Let $u,v : [a,b] \to \mathbb R$ be continuous functions , let $f(x):=u(x)$ , when $x$ is rational ; $f(x):=v(x)$ , when $x$ is irrational . If $f$ is Riemann integrable , then is it true that $u(x)=v(x) , \forall x \in [a,b]$ ? If it is true , then I would like a proof possibly avoiding the Lebesgue Integrability criteria of measure $0$ . The only thing I have figured out is that $f$ is continuous at $x_0$ iff $u(x_0)=v(x_0)$ , then to verify the integrability ' with ' Lebesgue criteria , it appears , if $g\in C[a,b]$ is such that $g(x)=0$ a.e. then $g$ is identically $0$ ?
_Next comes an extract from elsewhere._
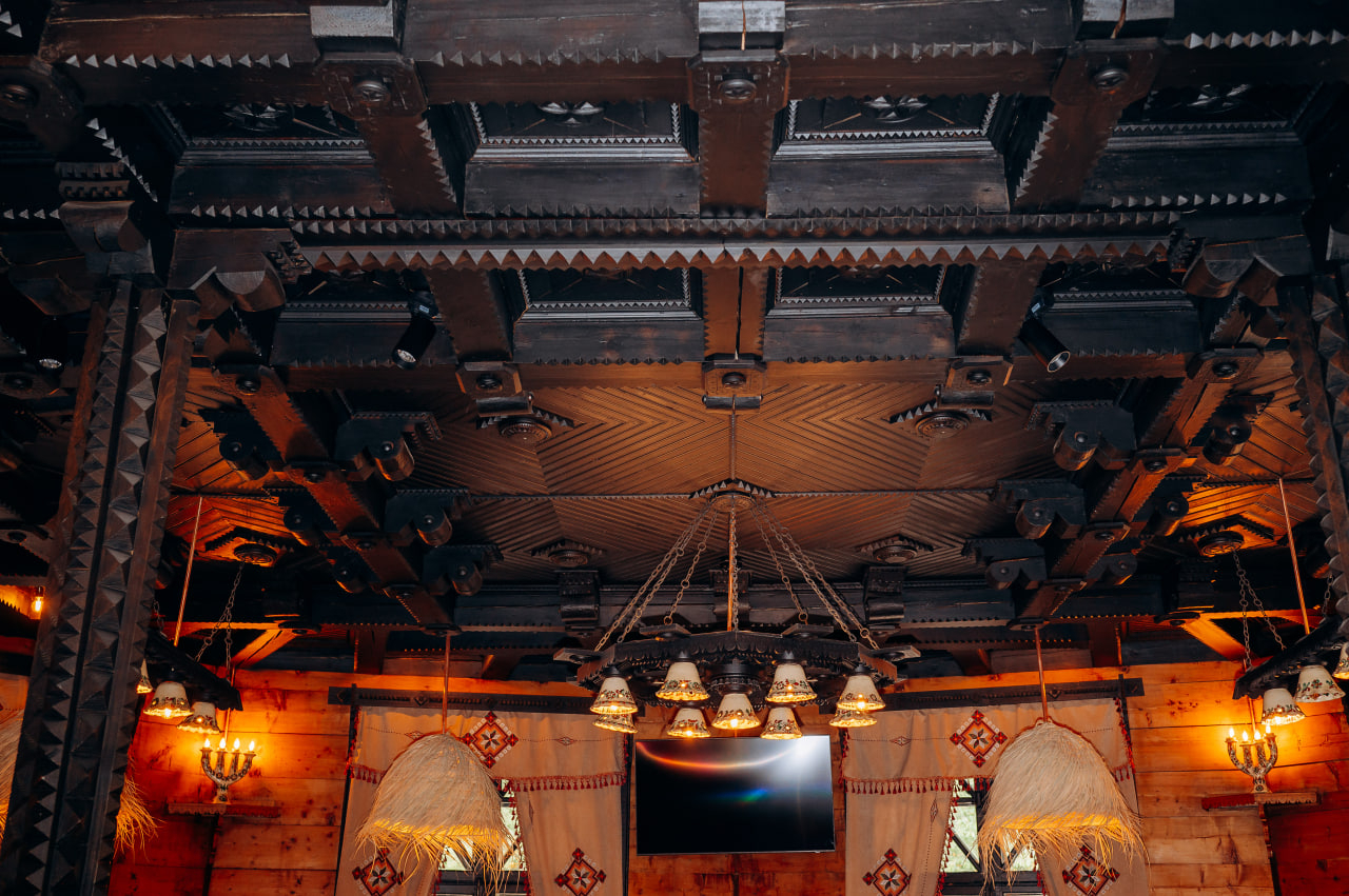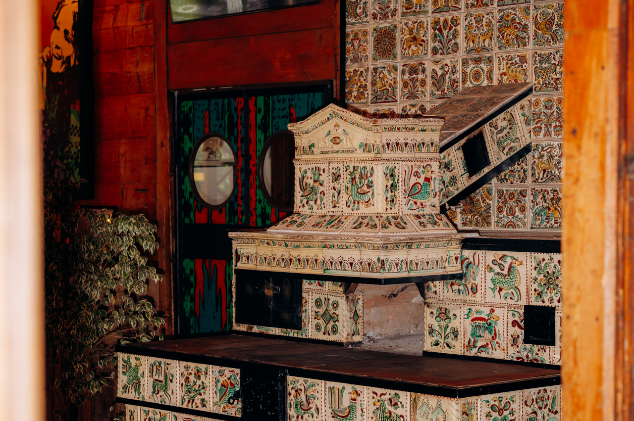 Дерев’яні зруби очищували вручну, відновлювали дах і зберегли автентичні інтер’єрні елементи — косівські кахлі та глиняний посуд.

Please help . Thanks in advance
If $f$ is Riemann integrable on $[a,b]$, then it is Riemann integrable on each subinterval of $[a,b]$. Assume that you can find $x_0 \in [a,b]$ for which $u(x_0) \neq v(x_0)$. Without loss of generality, assume that $u(x_0) > v(x_0)$. Then, by continuity, you can find some $\varepsilon > 0$ such that $u(x) > v(x)$ for all $x \in [x_0 - \varepsilon, x_0 + \varepsilon]$. If you consider the Riemann sums of $f|_{[x_0 - \varepsilon, x_0 + \varepsilon]}$that correspond to partitions and choices of rational (irrational) points then, as the diameter of the partitions goes to zero, they will converge to $\int_{x_0 - \varepsilon}^{x_0 + \varepsilon} u(x) \, dx$ (or $\int_{x_0 - \varepsilon}^{x_0 + \varepsilon} v(x) \, dx $ respectively). Since $f$ is integrable by assumption, we must have
$$ \int_{x_0 - \varepsilon}^{x_0 + \varepsilon} u(x) \, dx = \int_{x_0 - \varepsilon}^{x_0 + \varepsilon} v(x) \, dx $$
contradicting the fact that $u(x) > v(x)$ on $[x_0 - \varepsilon, x_0 + \varepsilon]$.